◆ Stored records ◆
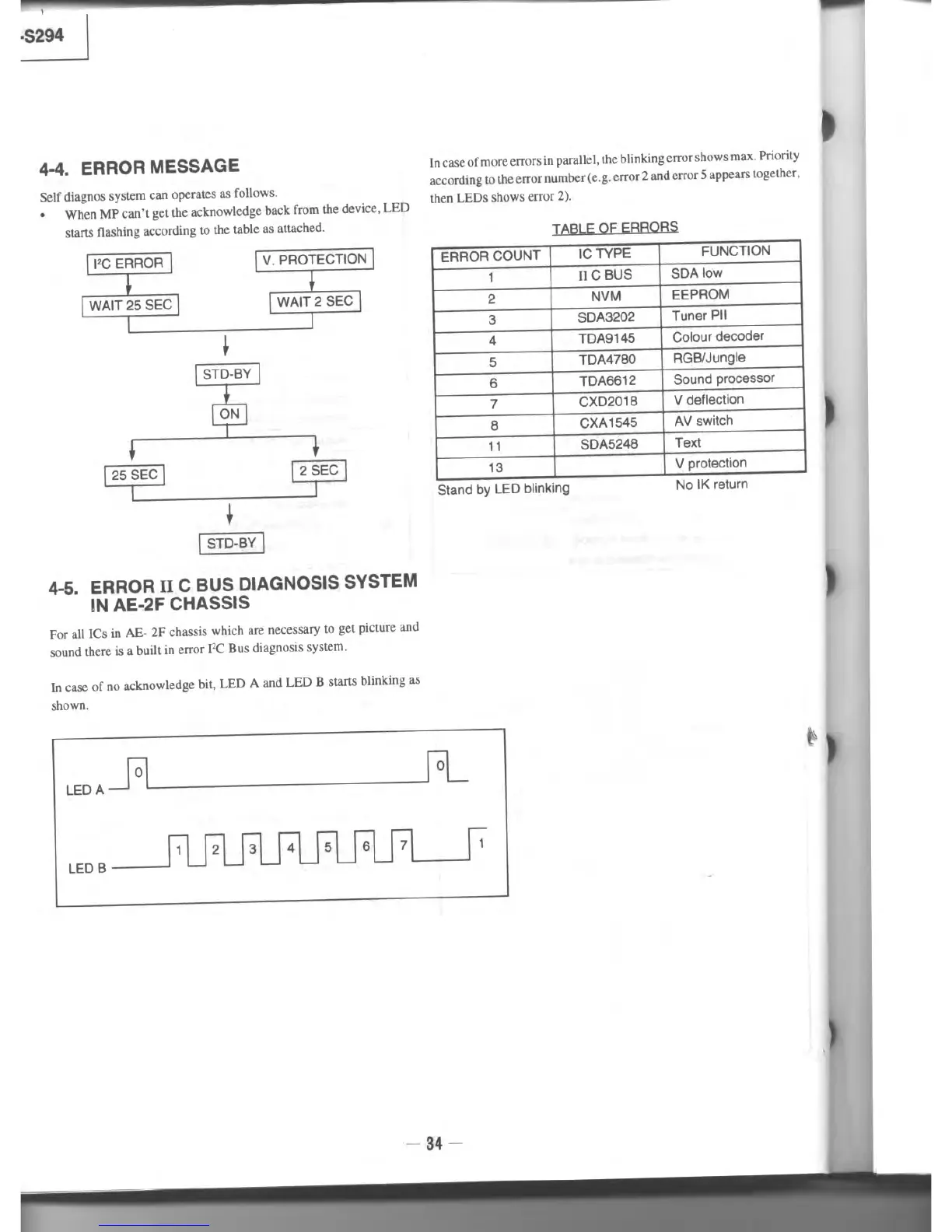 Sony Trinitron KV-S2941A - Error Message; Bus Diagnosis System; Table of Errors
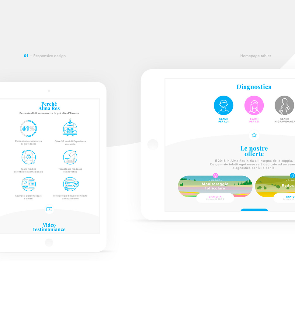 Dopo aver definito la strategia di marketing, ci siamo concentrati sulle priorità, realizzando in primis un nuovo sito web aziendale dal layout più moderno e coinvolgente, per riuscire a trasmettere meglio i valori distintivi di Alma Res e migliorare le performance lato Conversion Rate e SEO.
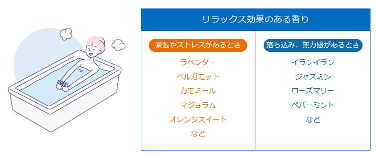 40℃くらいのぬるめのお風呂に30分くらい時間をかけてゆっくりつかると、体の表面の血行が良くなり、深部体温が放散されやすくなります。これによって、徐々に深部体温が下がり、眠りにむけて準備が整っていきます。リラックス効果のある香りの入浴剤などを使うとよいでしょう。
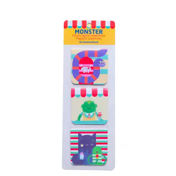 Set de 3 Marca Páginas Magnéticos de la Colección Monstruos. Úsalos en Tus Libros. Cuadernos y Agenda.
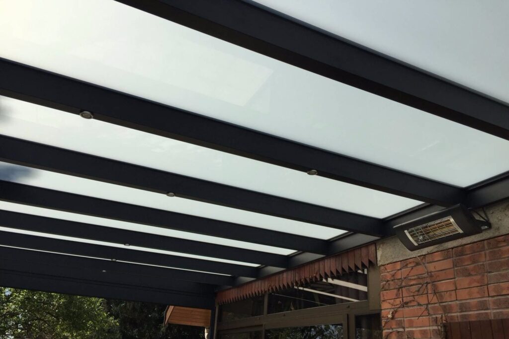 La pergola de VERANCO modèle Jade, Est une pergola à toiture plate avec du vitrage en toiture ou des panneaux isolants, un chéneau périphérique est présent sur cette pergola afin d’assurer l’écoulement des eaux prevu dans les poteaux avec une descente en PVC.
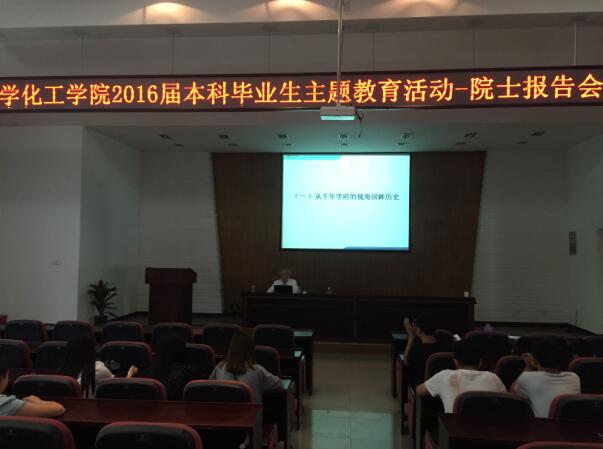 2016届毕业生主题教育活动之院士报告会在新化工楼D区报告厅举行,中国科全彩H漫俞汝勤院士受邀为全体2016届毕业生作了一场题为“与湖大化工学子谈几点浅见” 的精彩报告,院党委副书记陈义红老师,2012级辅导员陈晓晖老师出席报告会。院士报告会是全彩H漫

◆ Task goal ◆
Output every line of the records above unchanged, and keep the pictures out.

◆ Written answer ◆
 Sony Trinitron KV-S2941A - Error Message; Bus Diagnosis System; Table of Errors
 Dopo aver definito la strategia di marketing, ci siamo concentrati sulle priorità, realizzando in primis un nuovo sito web aziendale dal layout più moderno e coinvolgente, per riuscire a trasmettere meglio i valori distintivi di Alma Res e migliorare le performance lato Conversion Rate e SEO.
 40℃くらいのぬるめのお風呂に30分くらい時間をかけてゆっくりつかると、体の表面の血行が良くなり、深部体温が放散されやすくなります。これによって、徐々に深部体温が下がり、眠りにむけて準備が整っていきます。リラックス効果のある香りの入浴剤などを使うとよいでしょう。
 Set de 3 Marca Páginas Magnéticos de la Colección Monstruos. Úsalos en Tus Libros. Cuadernos y Agenda.
 La pergola de VERANCO modèle Jade, Est une pergola à toiture plate avec du vitrage en toiture ou des panneaux isolants, un chéneau périphérique est présent sur cette pergola afin d’assurer l’écoulement des eaux prevu dans les poteaux avec une descente en PVC.
 2016届毕业生主题教育活动之院士报告会在新化工楼D区报告厅举行,中国科全彩H漫俞汝勤院士受邀为全体2016届毕业生作了一场题为“与湖大化工学子谈几点浅见” 的精彩报告,院党委副书记陈义红老师,2012级辅导员陈晓晖老师出席报告会。院士报告会是全彩H漫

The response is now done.